Work required » Give back each record precisely, pictures excluded.

Records for the task »
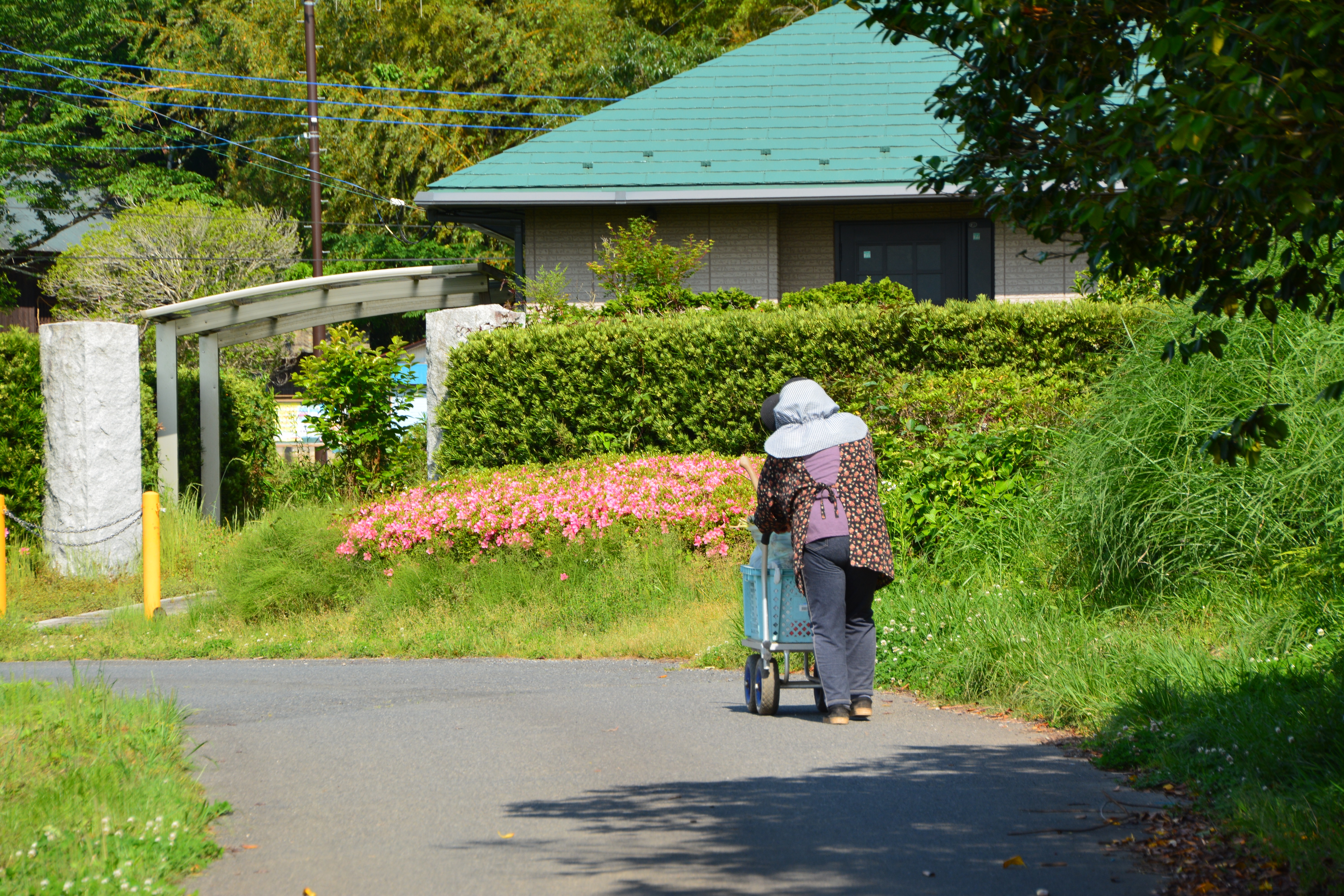 ・田舎の風景・田畑・高齢者・腰痛・足腰・骨粗鬆症・高齢化・過疎化・散歩道・祖母・実家・帰省・おばあさん・おばあちゃん・乳母車・農村・昭和ノスタルジー・ノスタルジック
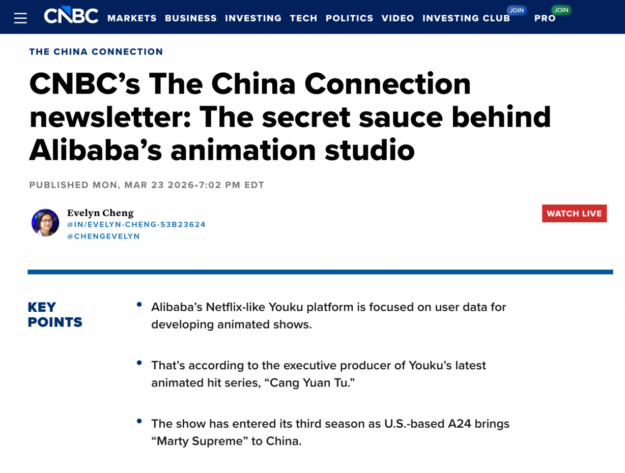 【环球网互娱详细报谈】近日,买卖媒体CNBC发表了对于优酷年番《沧元图》开播及国漫出海的报谈,该报谈发布在CNBC官网及App,行动最新一期聚焦中国买卖新闻的《The China Connection》newsletter主推本体。报谈指出,自2023年《沧元图》第一季播出以来,其在优酷的在追东谈主数已逾越990万。
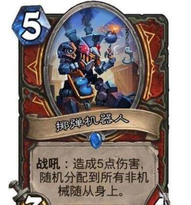 砰砰计划的一张卡,拥有非常优秀的解场能力,再加上目前为止热门卡组中带机械随从的并不多,从而能够稳定造成五点伤害,大部分展示卡组都会满编的卡,所以以出场率来讲自然也是近期死亡次数最多的战士职业随从了。
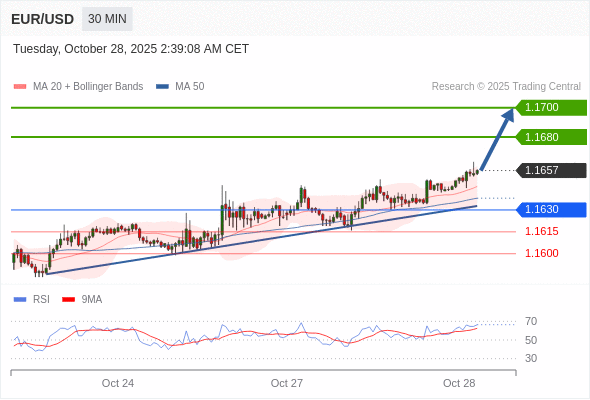 在 1.1630 之上,看涨,目标价位为 1.1680 ,然后为 1.1700 。
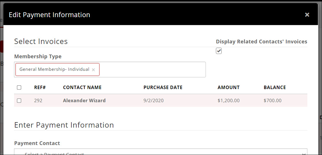 To filter to Membership invoices only, select the desired membership type from the dropdown and the display will update accordingly:
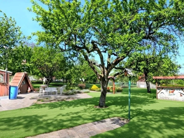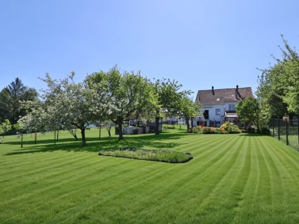 Grand terrain de 1180 m2 clôturé avec jardin et verger. Cour intérieure. Maison construite sur un sous-sol complet : idéal pour le rangement. Garage, chaufferie, cellier et cave pour un espace optimisé. chauffage central avec chaudière bois et mixte.
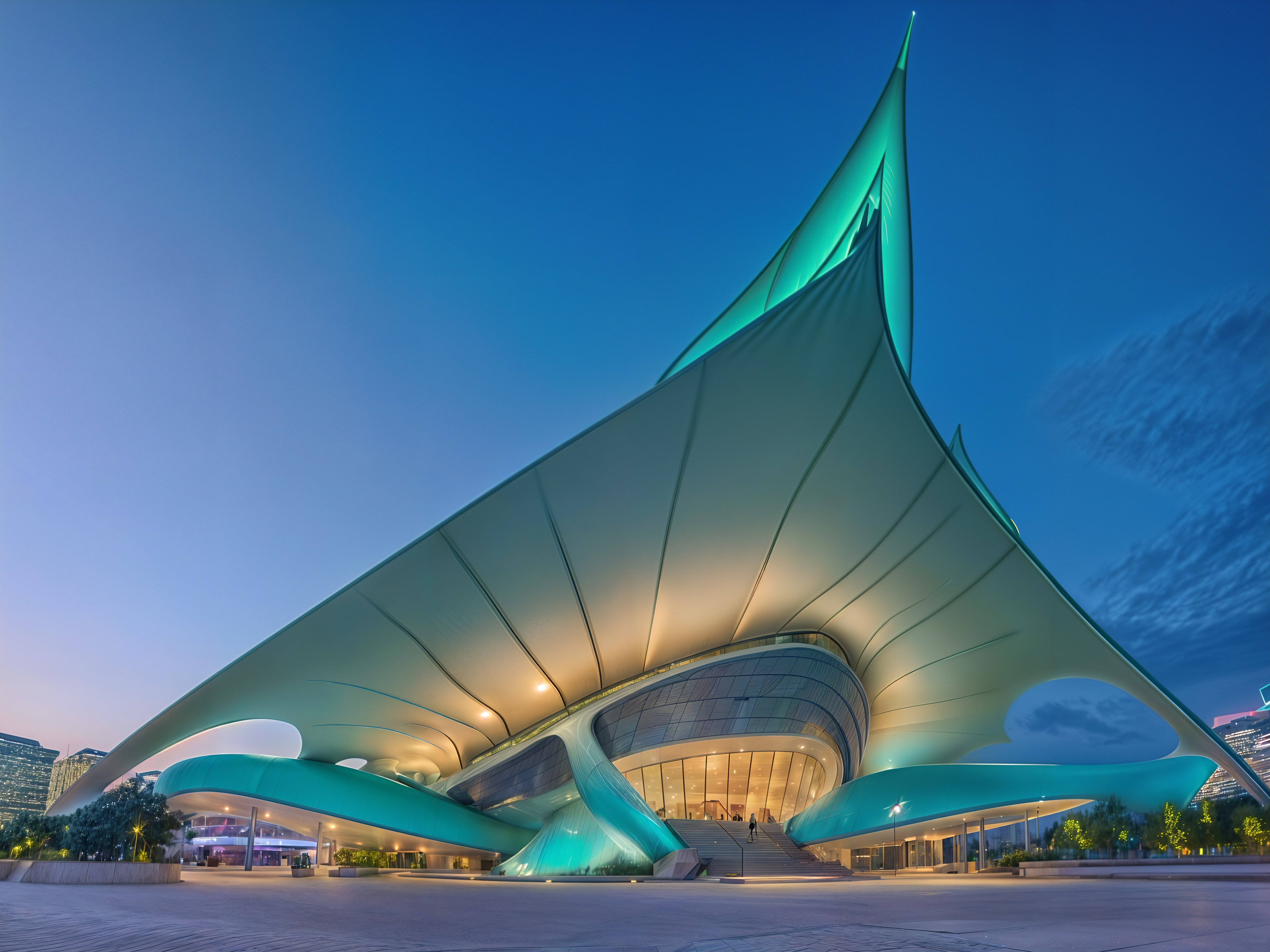 The image features a futuristic building with a sleek, curved design illuminated in blue hues against a twilight sky, showcasing modern architecture and a captivating entrance area.
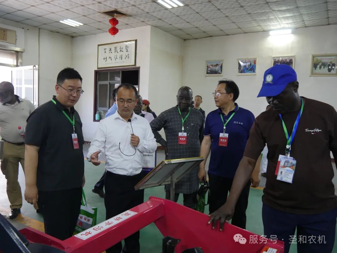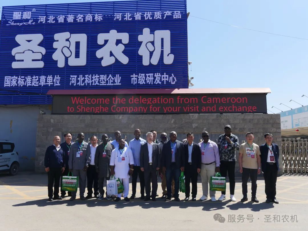 2025年4月28日,由喀麥隆權力下放和地方發展部合作主任翁杜瓦·塞爾日·埃爾韋率領的喀麥隆代表團一行30位嘉賓,來到河北圣和農業機械有限公司考察交流。此次考察不僅是中喀雙方在經濟領域交流的重要活動,也為未來雙方在農業機械領域的合作奠定了基礎。
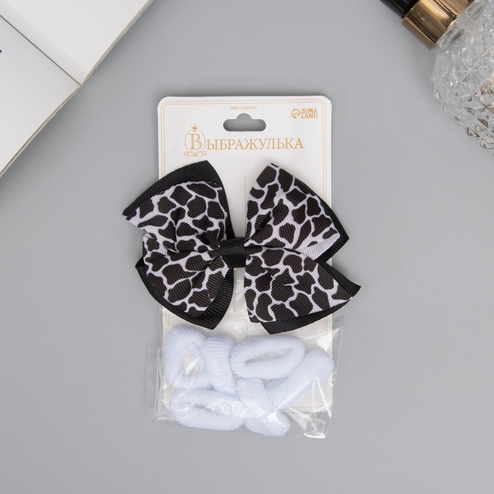 Набор для волос «Сьюзи», 7 шт.: зажим 8 см, 6 резинок 2.5 см, пятна стиль, чёрно-белый
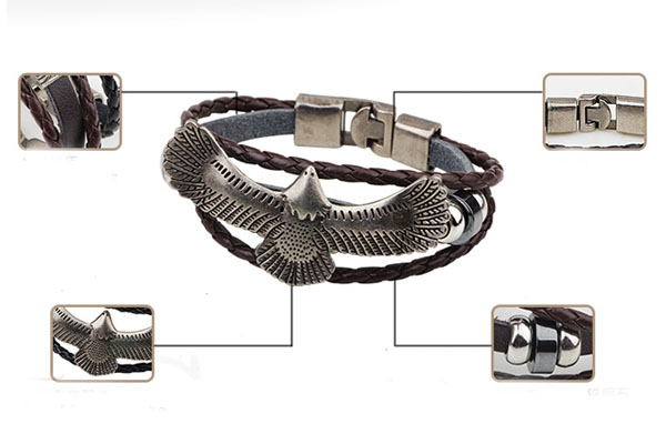 Alloy Hawk Pattern Braided Rings PU Leather Bracelet

Solved exercise »
 ・田舎の風景・田畑・高齢者・腰痛・足腰・骨粗鬆症・高齢化・過疎化・散歩道・祖母・実家・帰省・おばあさん・おばあちゃん・乳母車・農村・昭和ノスタルジー・ノスタルジック
 【环球网互娱详细报谈】近日,买卖媒体CNBC发表了对于优酷年番《沧元图》开播及国漫出海的报谈,该报谈发布在CNBC官网及App,行动最新一期聚焦中国买卖新闻的《The China Connection》newsletter主推本体。报谈指出,自2023年《沧元图》第一季播出以来,其在优酷的在追东谈主数已逾越990万。
 砰砰计划的一张卡,拥有非常优秀的解场能力,再加上目前为止热门卡组中带机械随从的并不多,从而能够稳定造成五点伤害,大部分展示卡组都会满编的卡,所以以出场率来讲自然也是近期死亡次数最多的战士职业随从了。
 在 1.1630 之上,看涨,目标价位为 1.1680 ,然后为 1.1700 。
 To filter to Membership invoices only, select the desired membership type from the dropdown and the display will update accordingly:
 Grand terrain de 1180 m2 clôturé avec jardin et verger. Cour intérieure. Maison construite sur un sous-sol complet : idéal pour le rangement. Garage, chaufferie, cellier et cave pour un espace optimisé. chauffage central avec chaudière bois et mixte.
 The image features a futuristic building with a sleek, curved design illuminated in blue hues against a twilight sky, showcasing modern architecture and a captivating entrance area.
 2025年4月28日,由喀麥隆權力下放和地方發展部合作主任翁杜瓦·塞爾日·埃爾韋率領的喀麥隆代表團一行30位嘉賓,來到河北圣和農業機械有限公司考察交流。此次考察不僅是中喀雙方在經濟領域交流的重要活動,也為未來雙方在農業機械領域的合作奠定了基礎。
 Набор для волос «Сьюзи», 7 шт.: зажим 8 см, 6 резинок 2.5 см, пятна стиль, чёрно-белый
 Alloy Hawk Pattern Braided Rings PU Leather Bracelet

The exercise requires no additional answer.